The French wine industry has been hit by a double whammy. 2012 production was down and last week the prime wine-growing area in the Burgundy region was smashed by a freak hail storm, completely obliterating the entire harvest from some vineyards across an area of 2,000 hectares.
Burgundy is 7th largest wine producing area in France in terms of volume (2011) but it’s most expensive with an average price of 8.7 Euros per litre compared to 6.3 Euros for wine from Bordeaux.
It was a rare conjunction of two storms, cold air from the north crashed into hot air from the south, which caused an intense 20 minutes of violent hail which pummelled the grapes and bashed the vines. The hail was quickly replaced by heavy rain with several inches of water flooding vineyards from Aloxe- Corton to Volnay in the Burgundy region.
The storm was so violent that two people caught in the storm were hospitalised; some of the worst affected vineyards could take up to three years to recover.
It’s yet more bad news for the growers in the region. They have had three consecutive small harvests since 2010 and were hoping for their luck to turn in 2013.
The French Ministry of Agriculture reported that up to 40% of vineyards in the Côte de Beaune (which make us about 10% of Burgundy’s annual 200m bottle production) were affected. Crop damage ranged from a manageable 10% to a devastating 100%.
The Burgundy wine board estimates a loss of more than 4m bottles from some well-known areas including Pommard, Volnay, Monthélie, Beaune and Meursault. One of the worst affected producers is Domaine Coste-Caumartin in Pommard which produces a celebrated premier cru Le Clos des Boucherottes.
More wet weather is predicted which will only exacerbate the situation causing disease and rot in the surviving grapes.
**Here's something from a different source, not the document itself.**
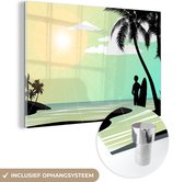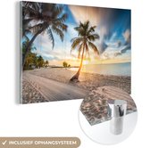 MuchoWow® Peinture sur Verre - Coucher de Soleil - Plage - Palmier - 90x60 cm - Peintures sur Verre Acrylique - Photo sur Glas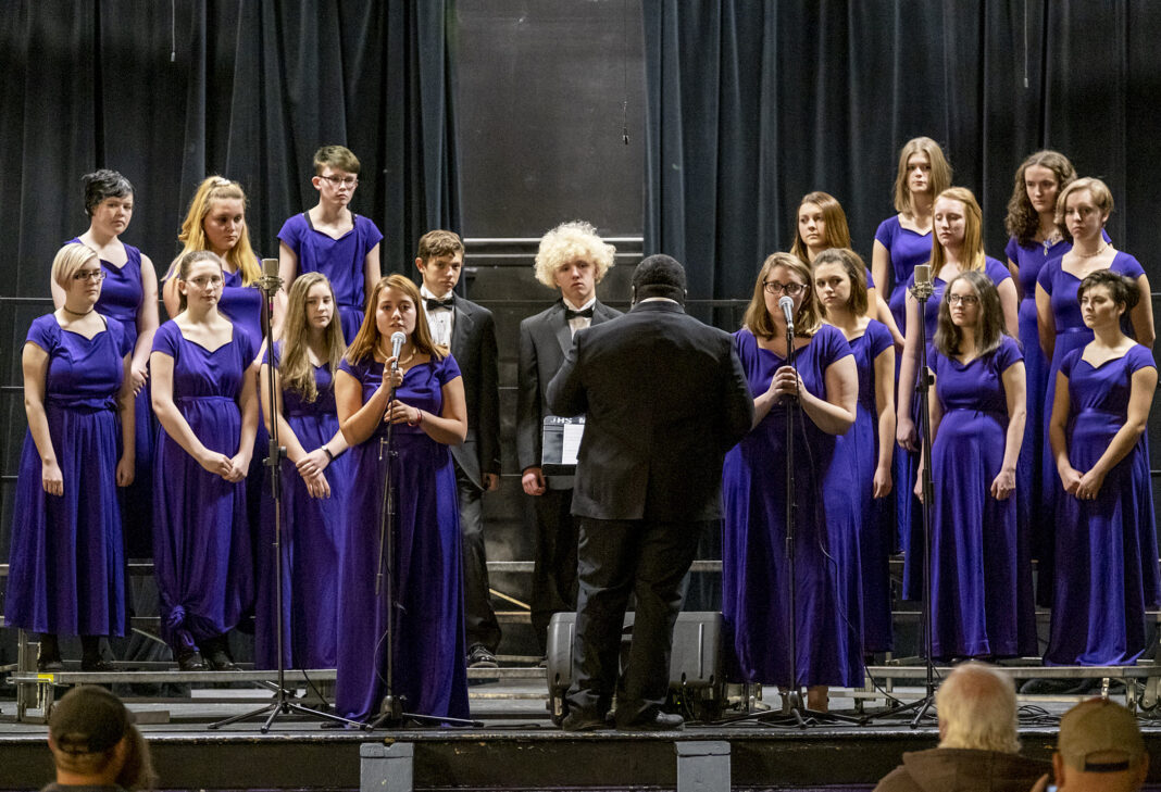 Jefferson High School music director Matt Bowman, center, leads the choir in its fall concert in the school’s south gym Monday night, Oct. 28. Accompanying them on piano was Melissa Norris.

Perhaps not surprisingly given the strong state intervention in France’s agriculture, the French government are rushing to the rescue. Affected vineyards will be excused from property taxes and the state will take over the health insurance contributions for their employees.
The local government is now looking at aerial defence measures like cloud seeding; dry ice or silver iodide are put in to clouds to weaken storms allowing precipitation to fall as rain rather than hail. It’s a highly controversial move; there are huge costs involved and it’s efficacy and effect on long-term weather patterns are hard to measure.